(Entries taken from a collection)
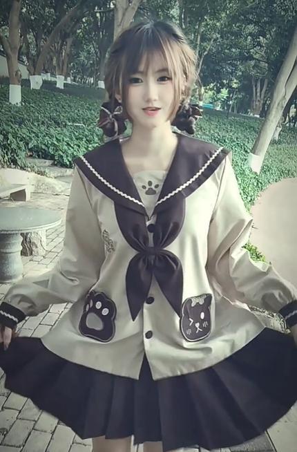 ゆめかわ♡選べる袖丈♪エプロン付きチェリーケーキセーラー服 seifuku75
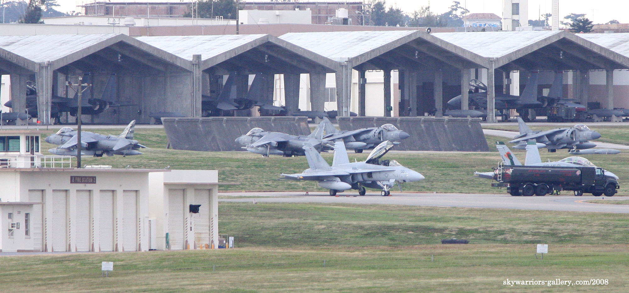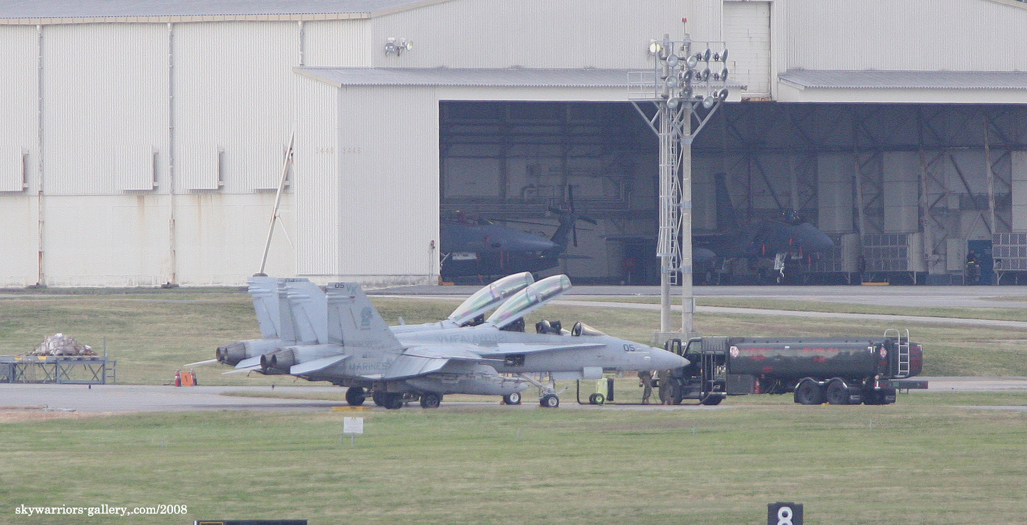 前の週はバンバン飛んだらしいのに・・・2008年12月15日の週は機体の調子が悪いのか、給油はしてもコックピットは閉めたまま。尾翼のグリーンナイトが寂しく写った。バックに並ぶのはこれまた今回1機も撮れなかったVMA-223のレーダーハリアー。運が無い時はいつもこう言うものである。2008年12月15日撮影
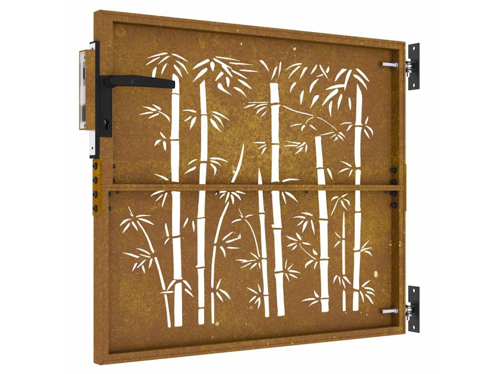 Multidom Záhradná brána 85x75 cm, corten oceľ, bambusový dizajn
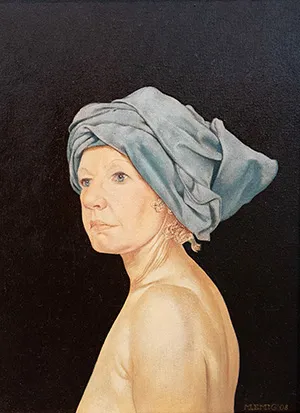 Frau mit blauem Tuch
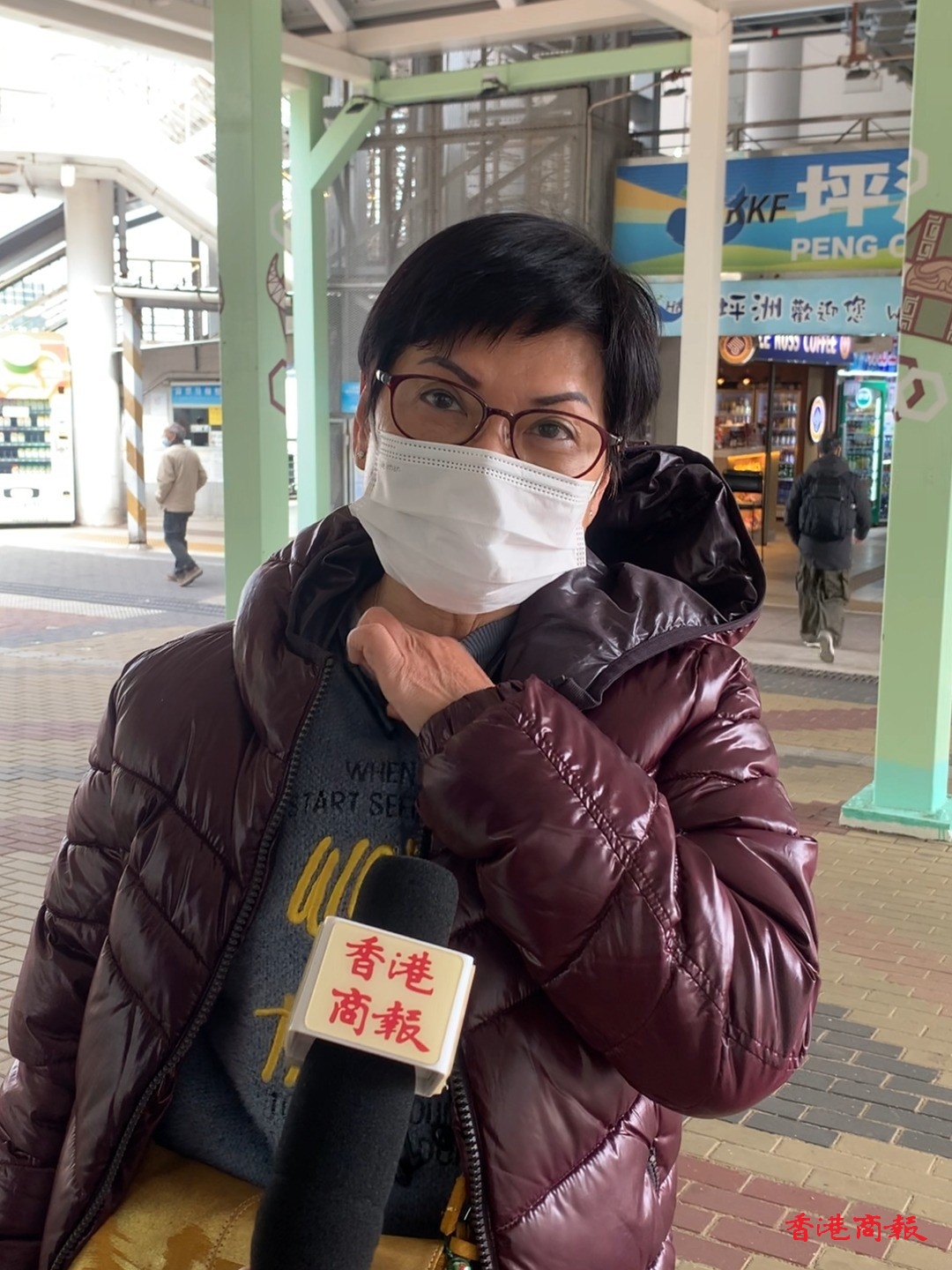 坪洲居民李小姐今天故意穿了保暖內衣、平時不會穿的加厚羽絨服以及厚襪。她說:「今天天氣比預期中無咁凍,我踩單車去碼頭時也不是很大風,無須包頭,今天穿多了也無所謂,可以脫。」
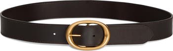 Brushed hardware highlights the rich leather of an Italian-made belt fastened with an adjustable buckle for a secure fit.
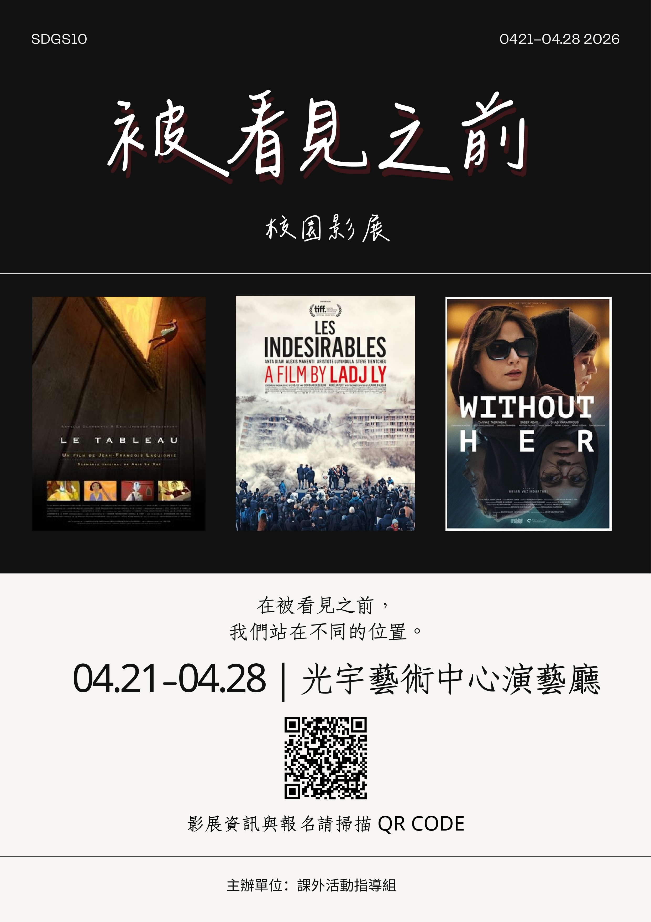 為促進校園多元觀點交流,並呼應 SDGs10「減少不平等」議題,課外活動指導組將舉辦校園影展《被看見之前》。

EXERCISE REQUIREMENTS: Your task is to reproduce the entries above word for word, from the first line through the line with "Frau mit blauem Tuch", and please leave out any pictures.

RESULT FOR THIS TASK:
 ゆめかわ♡選べる袖丈♪エプロン付きチェリーケーキセーラー服 seifuku75
 前の週はバンバン飛んだらしいのに・・・2008年12月15日の週は機体の調子が悪いのか、給油はしてもコックピットは閉めたまま。尾翼のグリーンナイトが寂しく写った。バックに並ぶのはこれまた今回1機も撮れなかったVMA-223のレーダーハリアー。運が無い時はいつもこう言うものである。2008年12月15日撮影
 Multidom Záhradná brána 85x75 cm, corten oceľ, bambusový dizajn
 Frau mit blauem Tuch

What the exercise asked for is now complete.